Two-thirds of students in the United States leave college with a crushing load of debt. This national debt total is now $1.2 trillion.
It’s not only debilitating to the kids who owe it, it’s also crippling their parents. It’s a drag on the entire economy.
The Institute for College Access and Success Project on Student Debt says the average borrower is in the hole for $26,600 by the time he ends his college career.
One in 10 of them is more than $40,000 in the red. Although the number of students with debt of $100,000 or more is tiny — about 1 percent — they’re out there, too.
Student loans are the equivalent of payday loans for the middle class, second only to home mortgages as the highest form of consumer debt in the nation. They account for 6 percent of the nation’s $16.7 trillion debt.
These are staggering statistics. Not only have we hocked our kids’ and grandkids’ futures to the already-here-and-growing climate change crisis, but we’ve put a debt monkey on their backs that many of them won’t be able to shake.
The latest proposed solution to the problem, and the one currently getting the most media attention, has come from Sen. Elizabeth Warren, D-Mass.
Ms. Warren introduced the “Bank on Students Emergency Loan Refinancing Act” in the Senate on Tuesday. The act would allow borrowers with outstanding student loans to refinance them at the same low rates offered to new borrowers in the student loan program.
But Ms. Warren’s excellent bill has what is probably a fatal flaw: She’s counting on passage of the “Buffett Rule” to fund it.
The rule, named after billionaire investor Warren Buffett, would increase the income tax rate on people who earn more than $1 million a year. Mr. Buffett doesn’t believe that rich people should pay less in federal taxes as a portion of their income than middle- and lower-income people.
Senate Republicans disagree and killed the bill in 2012.
If that’s not enough to doom Ms. Warren’s legislation, another portion of the bill might be. That part would allow borrowers to refinance their private loans from lenders like Sallie Mae, once a federally chartered student loan operation, now a private company. Ms. Warren wants student-debtors to have access to low-interest loans from the U.S. Department of Education to pay off their private debt.
The private lenders deserve to eat the loss. Many of them used what the Consumer Financial Protection Bureau called “subprime-style” lending tactics in making loans to borrowers who had a slim chance of paying them back. But will they take a bath? Not with this Congress.
The main reason students and their parents have incurred high debt is the precipitous decline in state funding for higher education over the past 30 years.

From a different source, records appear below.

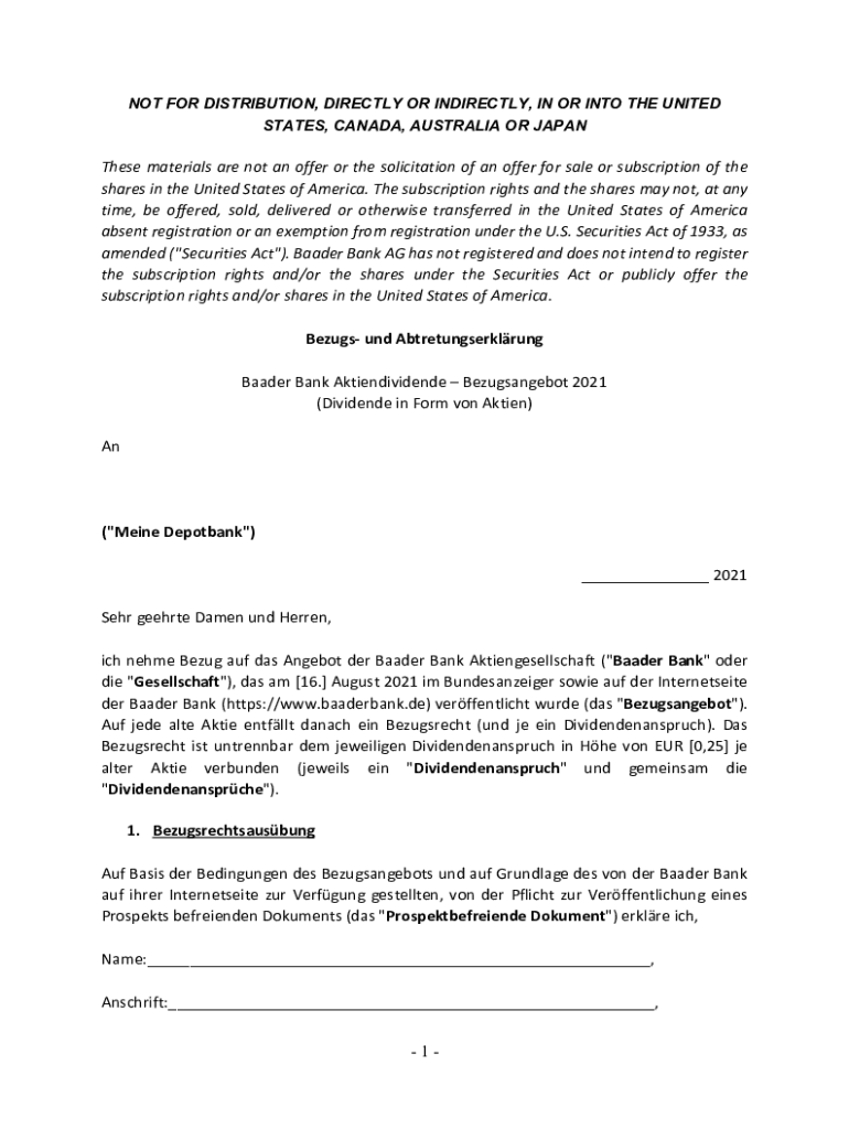 NOT FOR DISTRIBUTION, DIRECTLY OR INDIRECTLY, IN OR INTO THE UNITED STATES, CANADA, AUSTRALIA OR Japanese materials are not an offer or the solicitation of an offer for sale or subscription of the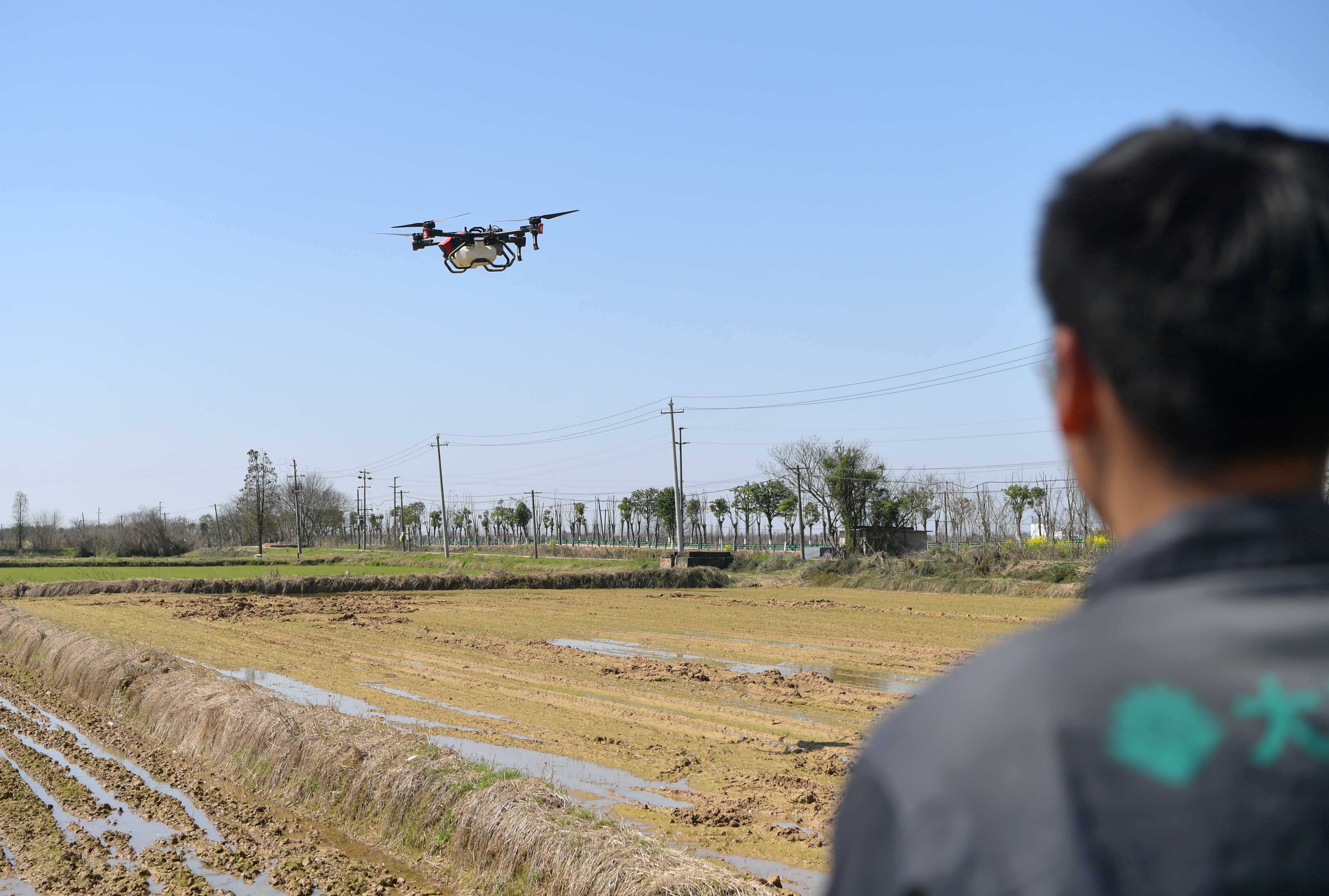 新华社照片,南昌,2022年3月9日 26人种万亩田:鄱阳湖平原上的“智慧春耕” 在江西省南昌县蒋巷镇大田农社,工作人员操控无人机播种(3月8日摄)。 春耕时节,位于鄱阳湖平原的江西省南昌县蒋巷镇大田农社正在开展“智慧春耕”。在这里,无人旋耕机每亩地作业用时7分钟,育秧实现流水线作业,无人机撒播每天可完成播种500亩,无人植保车对油菜田进行植保作业比人工效率提高10倍到20倍……这些设备的使用大大提高了农业生产效率,展示了现代“无人农业”的智慧魅力。 据了解,蒋巷镇大田农社的万亩农场是江西首个“万亩智慧农场”,也是江西现代农业的重点示范项目,农场采用规模化经营、机械化生产、数字化管理,26个人就可以种13000亩田。 新华社记者 彭昭之 摄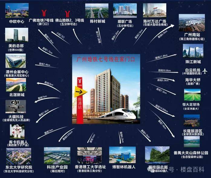 真正的地铁上盖与广佛双城通勤:项目距离广佛线 7 号线南涌站 A 出口仅 5 米,是名副其实的地铁上盖物业。这一交通优势极大地缩短了通勤时间,5 站到广州南站,8 站到珠江新城,让工作在一线城市、居住在卫星城的梦想变为现实。无论是依靠地铁出行,还是开车经 105 国道往返,都能享受到高效便捷的立体交通网络。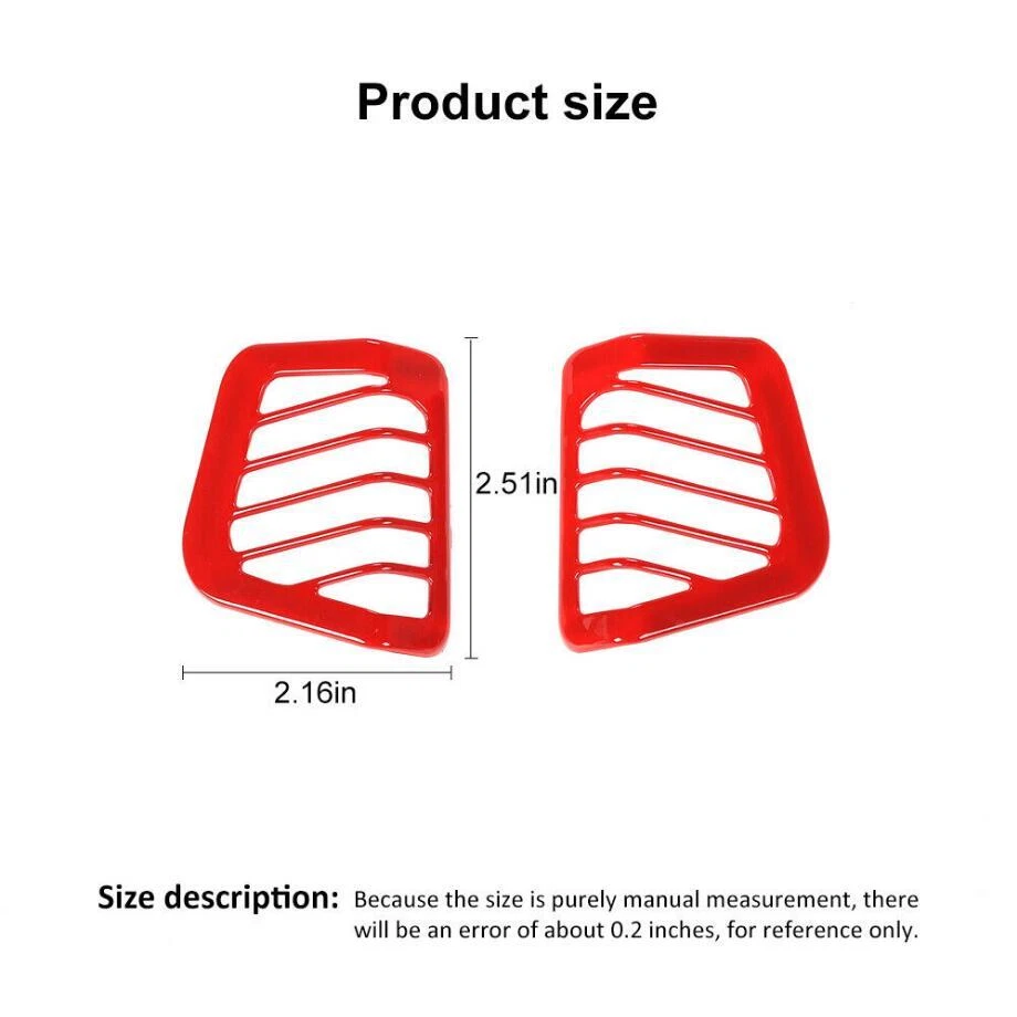 Fitment: Fit For Jeep Wrangler JL 2018-2023 Feature: Condition:100% Brand new Material: High Quality ABS Plastic Color: Red Package including:2PCS Made in a ISO9001 Factory,good quality and have been exported all over the world Easy installation.3M automotive adhesive tape is attached. INSTRUCTION MANUAL IS NOT INCLUDED For 2018-2023 Jeep Wrangler JL ABS Red Dashboard Side AC Air Vent Cover Trim 2P Fitment: Fit For Jeep Wrangler JL 2018-2023 Feature: Condition:100% Brand new Material: High Quality ABS Plastic Color: Red Package including:2PCS Made in a ISO9001 Factory,good quality and have been exported all over the world Easy installation.3M automotive adhesive tape is attached. INSTRUCTION MANUAL IS NOT INCLUDED Installation method: Step1: please clean the place with 50% alcohol to make sure no dust. Step2: remove the 3m glue in back; Step3 : heat the 3m glue by hot air gun;(A tip for putting on with supplied 3m tape is to warm the handles and the covers this makes the glue on the tape more sticky and they will stay on for ever!) Step 4: install the products in the right place ,Don't wash your car within 48hours. Customer Service If you cannot find the answers to your questions in this listing, please contact us , we will reply u ASAP,we will try our best to pleasure to serve u ! we hope have more happy and longtime shopping experience with u ! Shipping We will ship your order within 120 hours after receiving your verified payment (Excluding Weekends and Public Holidays) ! If u need delivery now , pls inform us , we will delivery it ASAP! shipping Shipping and handing Payment Refunds and returns About us shipping Country Approx / Delivery time United States : 8-25 working days United Kingdom / Australia / Canada : 20-35 working days Brazil / South America : may take up to 5-8 weeks due to strict Custom Inspection Italy / France / Spain / Germany/Eastern Europe : may take up to 6-8 weeks due to strict Custom Inspection Shipping and handing Item will be shipped within 24 -48 hours after full payment is received. · We ship worldwide with flat rate China Post , and other standard international shipping. this international order may take a longer time to arrive, Normally the shippment to worldwide is used to take 8 to 25 business days, exclude Weekend. Payment We accept PayPal only. Payment must be received in 7 business days of auction closing. Any special request cannot be accepted after 24 hours of payment, because most of orders will be processed instantly and same day dispatched. Refunds and returns Please contact us before leaving Netural or Negative feedback if you are not satisfied our service or products. Good communication is helpful for both of us to resolve any problems and issues. We are promising to try our best to provide the best service and 100% satisfaction for valuable buyer like you · All of the items are new. If it is not in new conditions, refund is offered. Otherwise, replacement can be offered for defective product. We will exchange or give the seller credit to buyer. · Please email us for all returns, and exchange shipping and handling charges are non-refundable. · Customers are responsible for return shippment fee except for wrong shipment or defective products. About us If you have any questions, please feel free to email our service specialists 24 Hours a Day, 7 Days a Week, and we will reply you ASAP. If no response within 24 Hours, please check the spam of mail box or kindly re-send it to us. We greatly appreciate your POSITIVE feedback. Please do NOT leave negative or neutral feedback without any contact. If you haven't received item in 30 days, please contact us and we will arrange refund. Advantage Will Never fade or rust Country/Region of Manufacture China Items Automotive > Exterior Accessories Approve Made in an ISO 9001 facility to ensure good quality Color Red Manufacturer Part Number Does Not Apply Placement on Vehicle Interior, Front, Left, Right Brand Unbranded Fitment Type Paste covering decorations Manufacturer Warranty 1 Year External Testing Certification ISO9001(ISO9001) Compatible with For Jeep Wrangler JL 2018-2023 Material High quality ABS plastic Features Beautiful & Scratch Resistant Finish Painted Type Hood Package include 2PIECES/SET

Forty-seven states spend less on college students now than they did in 2008, with the average state spending 23 percent less.
Coupled with that decline was the laudable goal of making sure most young people could attend college, and the decline of the sorts of manufacturing and unionized industry jobs that had formerly employed many kids without college degrees.
To compete for students and their federal loan money, colleges and universities built ever-grander campuses with more bells-and-whistles and hired more administrators at higher salaries. University presidents are paid on par with the CEOs of successful businesses.
Schools used their posh surroundings and administrative skills to justify consistent tuition increases.
“Since 1980, inflation-adjusted tuition at public universities has tripled; at private universities it has more than doubled,” Benjamin Ginsberg, a political science professor at Johns Hopkins University, wrote in Washington Monthly in 2011. “Between 1975 and 2005, total spending by American higher educational institutions, stated in constant dollars, tripled, to more than $325 billion per year.”
All along, lenders have continued to hand out money to students, safe in the knowledge that all loans are guaranteed by the government. Federal aid (inflation adjusted) increased more than 500 percent between 1973 and 2012.
It’s unconscionable, and yet it’s been continuing for decades.
Borrowers have little chance to adjust their loans. Even bankruptcy is not an option because student loans can’t be discharged. The Department of Education offers an Income-Based Repayment plan for borrowers who are having “partial financial hardship.” Designed to reduce monthly payments to make loan debt more manageable, the enrollment process is so complicated that borrowers often throw up their hands in despair.
So let’s credit Ms. Warren with dragging the issue back to the front burner. Take the good things her legislation includes (like allowing borrowers to refinance at lower interest rates) and match it up with a plan like what is being offered in the state of Oregon.
Nearly a year ago, the legislature there adopted a flat-tax loan plan for graduates of in-state public universities. Kids go to school for free and repay 3 percent of their annual earnings for 25 years after they graduate. Payback for community college grads is 1.5 percent, and students who attend school for less time pay a pro-rated fee.
Part of the beauty of the Oregon plan is that students are not required to pay tuition upfront so there are no traditional loans. No one is making money off a kid’s desperate effort to get an education.
How radical — educating students and not forcing them to make deals with the debt devil.
Oregon shouldn’t occupy this territory alone. It won’t solve the student loan crisis, unless the feds see fit to try something along the same lines, but it would be a great help to students, their parents and the economy.